A couple of weeks ago, I started a tiny storm on Twitter by posting this image, and claiming that retries (mostly) make things worse in real-world distributed systems.
The bottom line is that retries are often triggered by overload conditions, permanent or transient, and tend to make those conditions worse by increasing traffic. Many people replied saying that I’m ignoring the obvious effective solution to this problem: circuit breakers.
What is a circuit breaker?
Way down in your basement, or in a closet, or wherever your local government decrees it to be, there’s a box full of electrical circuit breakers. These circuit breakers have one job1: turn off during overload before something else melts, burns, or flashes. They’re pretty great from a “staying alive” perspective. Reasoning by analogy, folks2 developed the concept of circuit breakers for distributed systems. They goal of circuit breakers is usually defined something like this (from the Azure docs):
A circuit breaker acts as a proxy for operations that might fail. The proxy should monitor the number of recent failures that have occurred, and use this information to decide whether to allow the operation to proceed, or simply return an exception immediately.

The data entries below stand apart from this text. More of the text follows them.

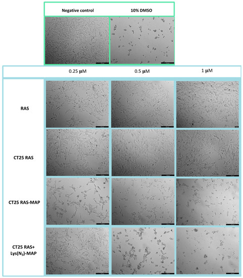 The morphological evaluation of the neuroblastoma SH-SY5Y cell line showed that treatment with CT25RAS resulted in similar cell viability and no morphologic changes compared to the negative control and free RAS (Figure 14). Co-administration of RAS and RAS-MAP with CT25 blank (CT25 RAS + MAP and CT 25 B + RAS-MAP) microscope images showed corroboration with MTT assay with decreased cellular viability at 5 µM (Figure S21). As shown in Figure 14, the treatment of CT25RAS-MAP showed a severe decrease in cell viability and loss of normal cellular structure at 0.5 µM. The co-encapsulation of the RAS and Lys(N3)-MAP (CT25 RAS + Lys(N3)-MAP) treatment showed a decrease in cell viability, but we only observed some morphological changes at the concentration of 1 µM (Figure 14).
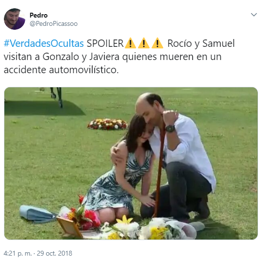 Y en esta plataforma se divulgó últimamente una imagen de la actriz Camila Hirane (Rocío) junto al actor Cristián Carvajal (Samuel). Ambos se ven abrazados en un cementerio, y la foto se encuentra acompañada por un texto que dice: “Rocío y Samuel visitan a Gonzalo y Javiera, quienes mueren en un accidente automovilístico“.
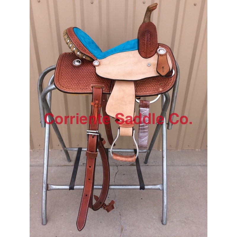 Basket Tooling Running W Trimon Tooled Part OnlyRawhide Braided HornSilver Lace on CantleTurquoiseSeat with Rainbow Stitching **Seat can be changed to a solid color suede seat of your choice**FURTHER DETAILSThis saddle is built on a wooden rawhide covered tree and comes with a latigo, back flank, stirrups, back billits and offstrap. To order give us a call or email us and we will get started on one for you. We take Visa, Mastercard and Discover. On any saddle, we can add your brand, custom lettering, upgraded conchos, upgraded stirrups, etc. Trophy lettering is available for $50 as well on any saddle. Seat can be changed to a solid color suede seat of your choice.

or this (from Martin Fowler):
The basic idea behind the circuit breaker is very simple. You wrap a protected function call in a circuit breaker object, which monitors for failures. Once the failures reach a certain threshold, the circuit breaker trips, and all further calls to the circuit breaker return with an error, without the protected call being made at all.
So far, so sensible. But why? What is the goal?
Martin, again:
It’s common for software systems to make remote calls to software running in different processes, probably on different machines across a network. One of the big differences between in-memory calls and remote calls is that remote calls can fail, or hang without a response until some timeout limit is reached. What’s worse if you have many callers on a unresponsive supplier, then you can run out of critical resources leading to cascading failures across multiple systems.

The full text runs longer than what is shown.